Within a few years, a new class of pain relievers, the so-called COX-2 inhibitors, burst onto the market with the promise they might reduce that toll. Sales of the best known products, Celebrex and Vioxx, quickly skyrocketed – thanks in part to changes in federal rules in 1997 that made it much easier for drug makers to advertise medications directly to consumers on television, in newspapers and in magazines.

Now, though, the flight path of these blockbuster drugs has been aborted. On Friday, Pfizer the maker of Celebrex, which is expected to end up with sales of $3.3 billion this year, disclosed that a patient trial by the National Cancer Institute had found significant risks of heart attacks. Vioxx, which was made by Merck and had sales of $2.5 billion last year, was pulled from the market in late September after similar findings.

In some ways, the story of the COX-2 drugs, a class that includes another troubled Pfizer medication, Bextra, is part of an age-old search for safer pain treatments. And some doctors say that they have helped. But it is also perhaps the clearest instance yet of how the confluence of medicine and marketing can turn hope into hype – and how difficult it is for the Food and Drug Administration to monitor the safety of drugs after they have been approved for the market. Celebrex and Vioxx, after fast-track approval from the F.D.A., hit the nation’s pharmacies as revolutionary drugs that could not only treat arthritis patients’ pain, but potentially save their lives.

But having spent hundreds of millions of dollars to develop their drugs, the makers of Celebrex and Vioxx, cheered on by Wall Street, had every motivation to expand their markets beyond the older people most at risk of ulcers to encourage the drugs’ use by millions more people of all ages. That was so even as, at least in the case of Vioxx, there was evidence as early as 2000 that a COX-2 drug could cause heart problems.

“You have to realize that these medications, they are not candies, they are not placebos,” said Dr. Gurkirpal Singh, a Stanford professor who has worked on the arthritis database project. A big problem with the COX-2 drugs, he said, has been the tendency of doctors to use them indiscriminately. “Like all medications, you have to identify which people will benefit the most, and which won’t.”

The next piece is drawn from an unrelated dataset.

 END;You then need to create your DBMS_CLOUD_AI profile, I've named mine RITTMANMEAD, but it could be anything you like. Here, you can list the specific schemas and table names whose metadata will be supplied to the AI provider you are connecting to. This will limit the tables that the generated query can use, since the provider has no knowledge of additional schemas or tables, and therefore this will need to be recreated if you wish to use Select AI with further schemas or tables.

Since the drugs’ release, the companies have spent hundreds of millions of dollars on television, newspaper and magazine advertising for them and, by some estimates, at least as much on marketing and promoting the drugs to doctors. As a result, many medical experts now say that Celebrex and Vioxx, selling for $2 or $3 a pill, have been too widely prescribed to patients who could safely obtain the same pain benefits from over-the-counter drugs costing pennies apiece.

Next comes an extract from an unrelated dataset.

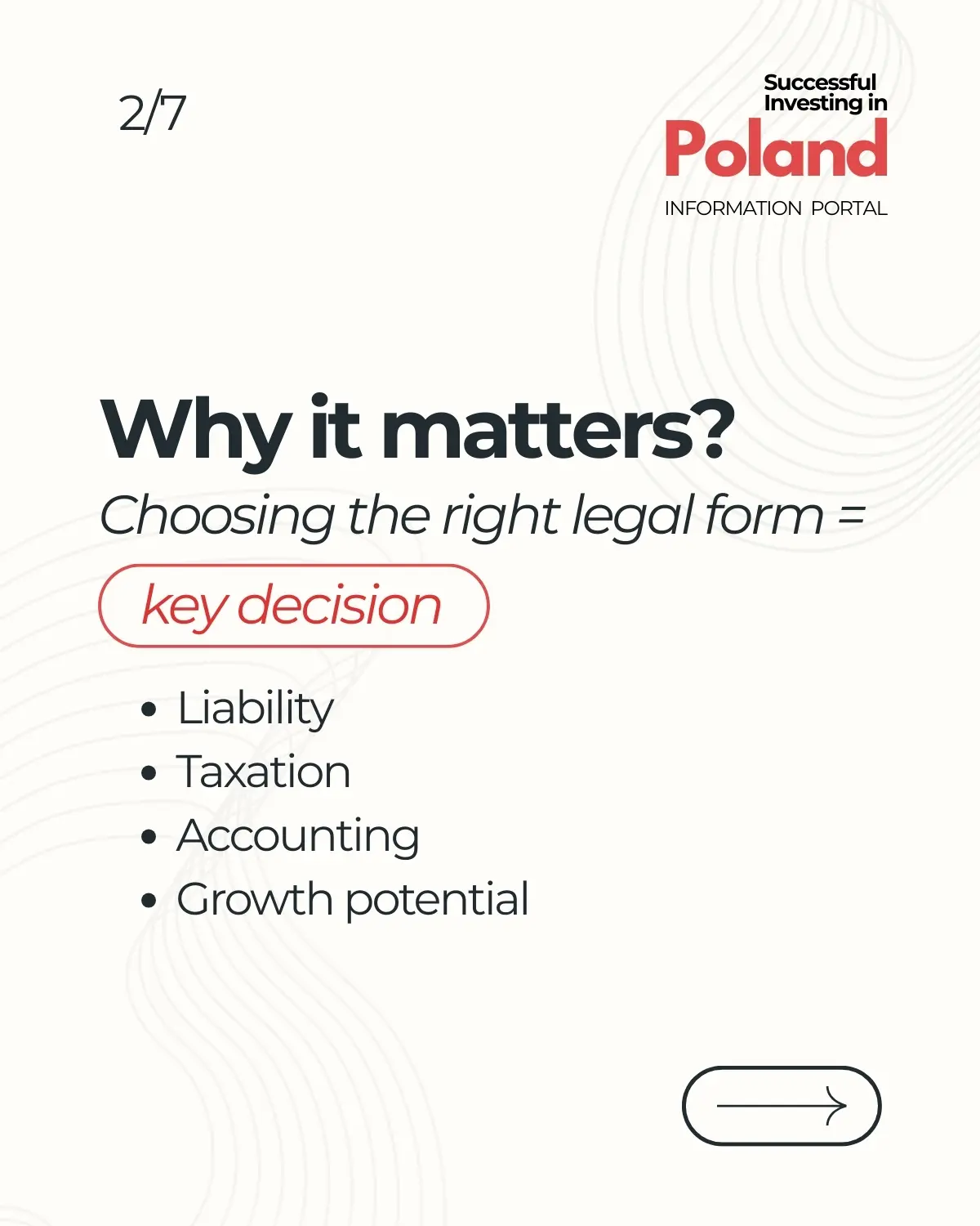 Choosing the right legal form of running a business when registering a company in Poland is a key decision for any entrepreneur, especially for foreigners looking to establish their business. This choice significantly affects how the business operates, the liability for obligations, taxation methods, and accounting responsibilities. Therefore, it is crucial to carefully analyze your business needs and capabilities before deciding on a specific legal form of business.

Potentially wasted money, though, is not the main point about the sales push, now that there is clinical evidence that all the COX-2 drugs on the market can, in some circumstances, increase a user’s likelihood of strokes or heart attacks.

On Friday, Pfizer characterized the cancer trial findings as an anomaly requiring further study and said it was not ready to withdraw the drug. But the news of the trial results was enough to send drug stocks plummeting and to cast grave doubts on the future of the entire COX-2 drug category. Only a few weeks ago, the F.D.A. ordered Pfizer to put a label warning on Bextra, noting that it could pose cardiac risks to patients recovering from heart surgery.

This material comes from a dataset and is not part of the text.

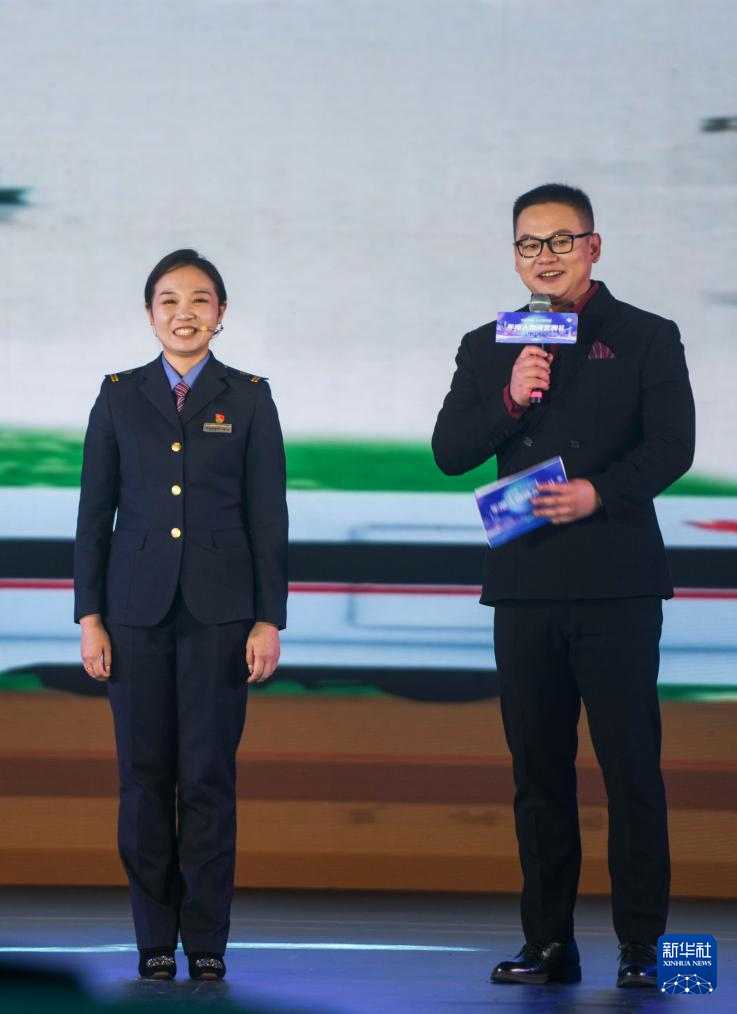 1月4日,由新華社主辦的“中國網事·感動2023”年度人物頒獎典禮在武漢舉行。這是暴雨中的硬核“鐵路藍”趙陽(左)出席頒獎典禮。
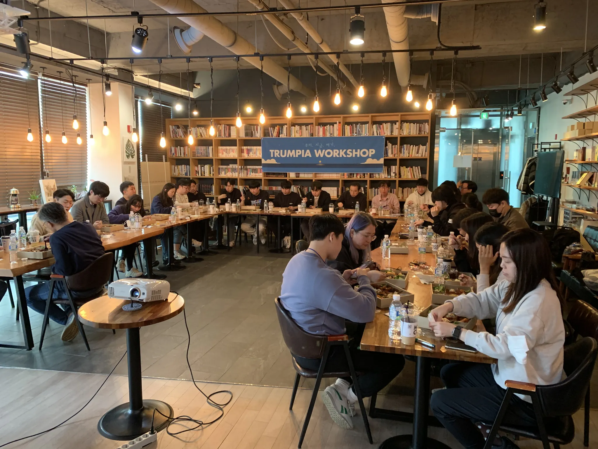 모두들 열심히 참여했지만, 조금은 무겁고 진중했던 토론 시간 이후 배고픈 트럼피아 직원들을 위해 배달된 오늘의 점심 도시락! 모두들 풀어진 분위기에서 맛있게 먹고 다음 일정을 준비하며 휴식을 취했는데요.

Pfizer and Merck have repeatedly said that their marketing has been accurate and responsible. “We market all of our medicines consistent with regulation,” said a spokeswoman for Pfizer. “Doctors and patients are in the best position to say which drugs are most appropriate for them.”

But the rapid rise and now shaky future of this class of drugs, some researchers say, is emblematic of the way drug companies’ efforts to spur the use of costly new medicines can distort the medical realities of safety and effectiveness.